Olay sonrası aldatılan kişi, aldatılma nedeniyle ilgili olarak karşı tarafı suçlama eğilimindedir, daha sonra kendisini suçlamaya ve kendisinde hata aramaya başlar.

Aldatan kişi, utanç ve suçluluk duygusuyla konuyu bir an önce kapatma telaşı içerisinde sorulara kısa ve geçiştirici cevaplar vererek bazen yalan söyleyerek konunun kapanmasını ister. Ama karşı taraf konuyu kapatamaz. Bu konu olur olmadık zamanlarda çiftin karşısına çıkmaya devam eder.
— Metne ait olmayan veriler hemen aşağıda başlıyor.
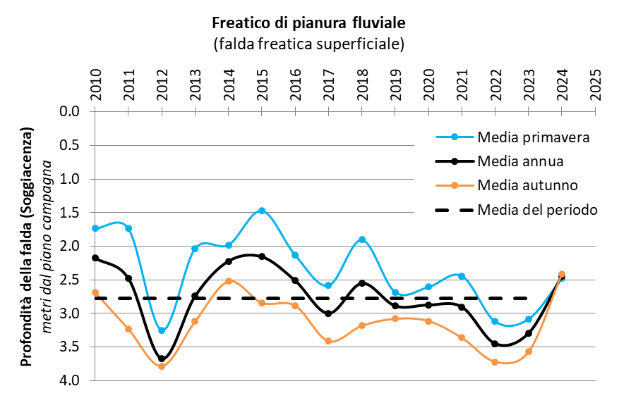 Evoluzione temporale delle falde nel corpo idrico freatico di pianura fluviale (2010-2024)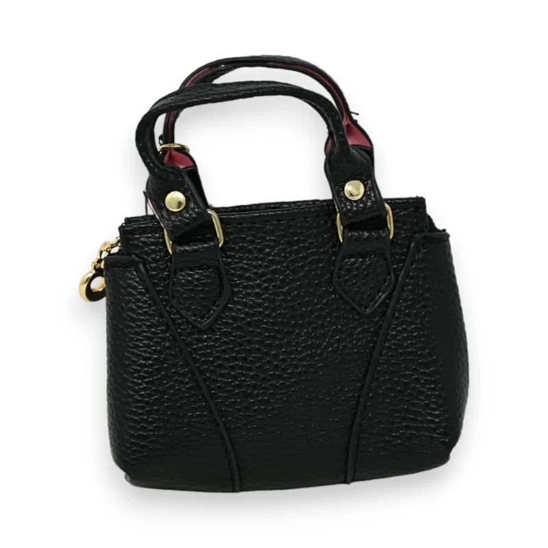 Este llavero y monedero de color negro es la quintaesencia de la sofisticación. Inspirado en los elegantes diseños de los bolsos, este accesorio en miniatura se realza con un candado dorado que no deja de añadir un toque de lujo. Diseñado para una máxima facilidad de uso, incluye un mosquetón y un gancho anilla, lo que te permite engancharlo donde quieras - ya sea a tus llaves, a un bolso, o incluso a un cinturón. Su pequeño cierre es perfectamente diseñado para asegurar tus monedas y otros pequeños esenciales, manteniendo un perfil bajo y elegante. Con sus prácticas dimensiones de 11 x 8 cm, es ideal para una organización estilizada y eficiente de tus pequeños objetos.

İlişkiye devam etme ya da sonlandırma kararı almadan önce çiftin danışmanlık alması pişmanlık yaşamaması ve hayatlarına devam edebilmesi adına önemlidir. Amaç evliliği kurtarmak değildir. Bu, çiftin ya da bireyin vereceği bir karardır.  Amaç, çiftin bu zorlu süreci daha az hasarla atlatıp sağlıklı karar alabilecek duruma gelmesidir. Devam kararı alınması durumunda sadakatin ve güvenin bir ilişkide tekrar kazanılması için iki kişinin de sorumluluk alması gerekmektedir.